The zooplankton data are available from the 'Zoobase' dataset https://zenodo.org/records/5101349. This is a collated reseource of all observation records for the main groups of meso-zooplankton
The environmental data were extracted as monthly climatologies from the World Ocean Atlas (2022). Bathymetric depth were extracted from GEBCO’s current gridded bathymetric data set (2024). Monthly climatologies of chlorophyll-a were extracted from the globcolour database (http://www.globcolour.info/).
The repository contains code to each of the four main steps of the manuscript. Here we provide a detailed description to replicate the results in the manuscript.

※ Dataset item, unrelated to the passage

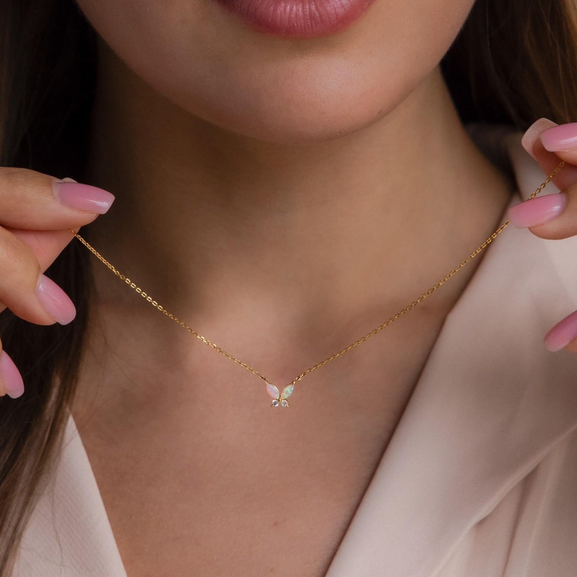 European and American butterfly real opal necklace titanium steel necklace necklace cute girl pink necklace ins style color retaining

We 1) First extract the presences from the 'Zoobase' database and retain species present when n > 50 in two ocean basins, 2) Perform an ensemble model on each species for the global presence distribution in teh dataset, 3) Extract observations of a species from paired ocean basin areas to examine niche divergence, 4) Use the results of the global ensemble model and the binary niche divergence/ non-divergence classifier to perform a heriarchical generalised additive model.